Published: سبتمبر 14, 2022

The Evaporation Front

In the last few lessons of our علوم التحميص (قيد الترجمة) course, we’ve been exploring the evaporation front that forms inside coffee beans as they roast. In coffee roasting this phenomenon has an almost mythical status. It has even been touted as a possible cause of first crack, but there’s very little direct study on this topic, and a whole lot of conjecture. 

In this post, we’ll take a closer look at what we do know about how moisture evaporates during roasting, and explain some of the reasons why evaporation is so important to how the coffee roasts.

 

When Does the Moisture Evaporate?

Unfortunately, it’s very hard to accurately measure what happens to the moisture in the bean during the roast. There are essentially two approaches: either take out samples of beans at various stages during the roast, and measure the remaining moisture content in the sample; or measure the moisture being given off in the exhaust gases.

Each approach comes with problems: if you are measuring the water content of samples from the roaster, they have to be cooled first, during which time they could continue releasing moisture, or absorb it from the air. To measure the moisture content with a dehydration oven — the most accurate method — the beans may need to be ground, at which point they may release more moisture or other gases that would affect the result (Schenker 2000).

The other approach, measuring the moisture in the exhaust stack, is technically pretty challenging. It also makes it hard to distinguish between existing moisture in the bean being evaporated, and extra moisture that is created in chemical reactions during roasting.

James Davison, a chemical engineer and founder of Williamstown Roasters, took the second approach to measure the moisture given off by beans during roasting. In his results, shown in the graph below right, the total amount of water released makes up about 16% of the initial weight of green beans — but a substantial amount of the water that he detected would have been created during the roast.

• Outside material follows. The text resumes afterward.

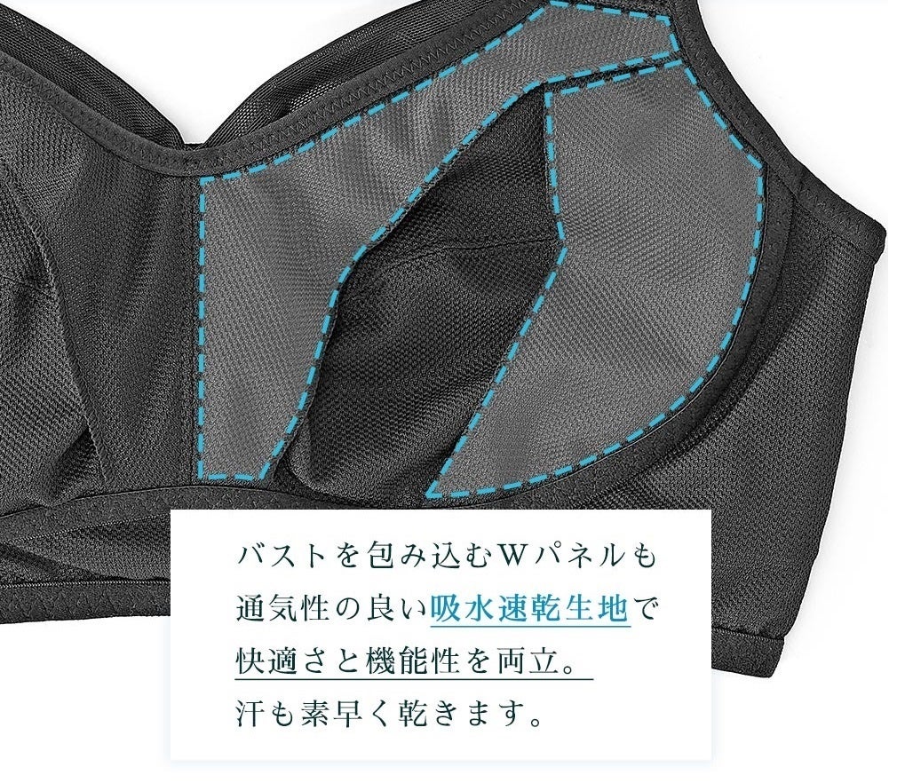 カップ裏に汗や水分を吸水して素早く乾かし、蒸れを軽減してくれる吸水速乾の生地を使用。バックベルトには伸縮性のある薄手のパワーネット生地を使用し、着用感にもこだわりました。

The custom-made anemometer used to measure airflow in the exhaust stack for James Davison’s experiments

All of this means that it’s hard to be certain about the moisture content in the bean during roasting, and attempts to measure it often give conflicting results. However, most available evidence suggests that moisture is continually evaporating the whole way through the roast, rather than just during the so-called ‘drying phase’ at the beginning of the roast.

Two approaches to measuring moisture loss. The left-hand graph, adapted from Schenker (2000), shows the moisture content of bean samples removed at different stages of the roast in a fluid-bed roaster operated at a fixed temperature. The right-hand graph, from Davison (2019) is based on the moisture content measured in the exhaust gases during roasting. These measurements were taken in a drum roaster, and show a distinct spike in moisture evaporation at first crack. The total water content is calculated from the moisture evaporated in the stack and therefore includes water created in chemical reactions during roasting.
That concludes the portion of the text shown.